> [BRIEF]: Of all the lines below, output only those starting at the one with "通合新能源電池項目順利通過萊茵產(chǎn)品碳足跡認(rèn)證" and ending at the one with "L'iniziativa, voluta dall'Assessorato", both ends included, exactly as written.

> [MATERIAL FOR THIS TASK]:
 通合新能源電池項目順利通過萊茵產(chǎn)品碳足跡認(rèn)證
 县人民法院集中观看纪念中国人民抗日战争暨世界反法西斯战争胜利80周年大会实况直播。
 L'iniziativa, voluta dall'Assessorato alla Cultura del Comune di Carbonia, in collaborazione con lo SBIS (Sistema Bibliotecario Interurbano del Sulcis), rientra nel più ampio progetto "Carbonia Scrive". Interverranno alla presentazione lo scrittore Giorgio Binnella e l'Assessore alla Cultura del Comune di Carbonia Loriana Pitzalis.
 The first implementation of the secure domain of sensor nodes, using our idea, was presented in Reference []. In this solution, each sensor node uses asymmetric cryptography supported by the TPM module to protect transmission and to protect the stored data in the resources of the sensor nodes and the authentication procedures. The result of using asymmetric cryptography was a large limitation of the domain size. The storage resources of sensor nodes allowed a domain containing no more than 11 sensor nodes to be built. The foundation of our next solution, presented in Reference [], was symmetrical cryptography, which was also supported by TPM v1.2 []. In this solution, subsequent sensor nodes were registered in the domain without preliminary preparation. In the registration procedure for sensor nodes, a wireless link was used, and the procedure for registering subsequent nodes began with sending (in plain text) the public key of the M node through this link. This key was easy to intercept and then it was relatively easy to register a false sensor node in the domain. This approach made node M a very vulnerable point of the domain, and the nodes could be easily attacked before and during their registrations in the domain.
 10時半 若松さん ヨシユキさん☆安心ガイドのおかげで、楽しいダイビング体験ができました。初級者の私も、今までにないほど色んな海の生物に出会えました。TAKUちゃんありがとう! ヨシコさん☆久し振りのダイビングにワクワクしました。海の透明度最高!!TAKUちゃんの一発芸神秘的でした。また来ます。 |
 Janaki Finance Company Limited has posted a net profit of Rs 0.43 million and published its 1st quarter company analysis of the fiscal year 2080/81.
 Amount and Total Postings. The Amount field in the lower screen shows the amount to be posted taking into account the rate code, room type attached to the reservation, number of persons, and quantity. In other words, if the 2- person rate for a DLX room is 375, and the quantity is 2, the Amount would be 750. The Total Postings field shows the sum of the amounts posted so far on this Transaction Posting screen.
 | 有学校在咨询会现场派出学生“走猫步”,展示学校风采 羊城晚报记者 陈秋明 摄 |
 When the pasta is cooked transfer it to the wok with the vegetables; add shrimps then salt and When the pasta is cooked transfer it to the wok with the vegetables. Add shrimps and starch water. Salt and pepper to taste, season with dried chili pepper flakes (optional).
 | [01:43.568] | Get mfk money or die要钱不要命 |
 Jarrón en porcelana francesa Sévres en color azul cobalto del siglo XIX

==

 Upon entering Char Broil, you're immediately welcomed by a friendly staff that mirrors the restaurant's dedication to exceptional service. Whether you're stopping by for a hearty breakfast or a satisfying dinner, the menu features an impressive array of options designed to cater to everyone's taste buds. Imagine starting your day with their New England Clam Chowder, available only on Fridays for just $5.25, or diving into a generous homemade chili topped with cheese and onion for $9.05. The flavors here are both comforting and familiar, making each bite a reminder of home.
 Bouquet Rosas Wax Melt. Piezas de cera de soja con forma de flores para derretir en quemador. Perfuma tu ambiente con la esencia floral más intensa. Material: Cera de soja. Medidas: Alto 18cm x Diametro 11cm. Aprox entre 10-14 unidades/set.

...

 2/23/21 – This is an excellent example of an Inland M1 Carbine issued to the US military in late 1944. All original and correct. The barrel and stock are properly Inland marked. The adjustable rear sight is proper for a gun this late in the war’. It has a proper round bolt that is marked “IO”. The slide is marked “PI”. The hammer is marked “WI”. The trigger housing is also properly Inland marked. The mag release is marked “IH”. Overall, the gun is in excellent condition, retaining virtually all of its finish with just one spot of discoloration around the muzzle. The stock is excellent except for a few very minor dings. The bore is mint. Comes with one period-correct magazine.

> [SOLUTION TO THE EXERCISE]:
 通合新能源電池項目順利通過萊茵產(chǎn)品碳足跡認(rèn)證
 县人民法院集中观看纪念中国人民抗日战争暨世界反法西斯战争胜利80周年大会实况直播。
 L'iniziativa, voluta dall'Assessorato alla Cultura del Comune di Carbonia, in collaborazione con lo SBIS (Sistema Bibliotecario Interurbano del Sulcis), rientra nel più ampio progetto "Carbonia Scrive". Interverranno alla presentazione lo scrittore Giorgio Binnella e l'Assessore alla Cultura del Comune di Carbonia Loriana Pitzalis.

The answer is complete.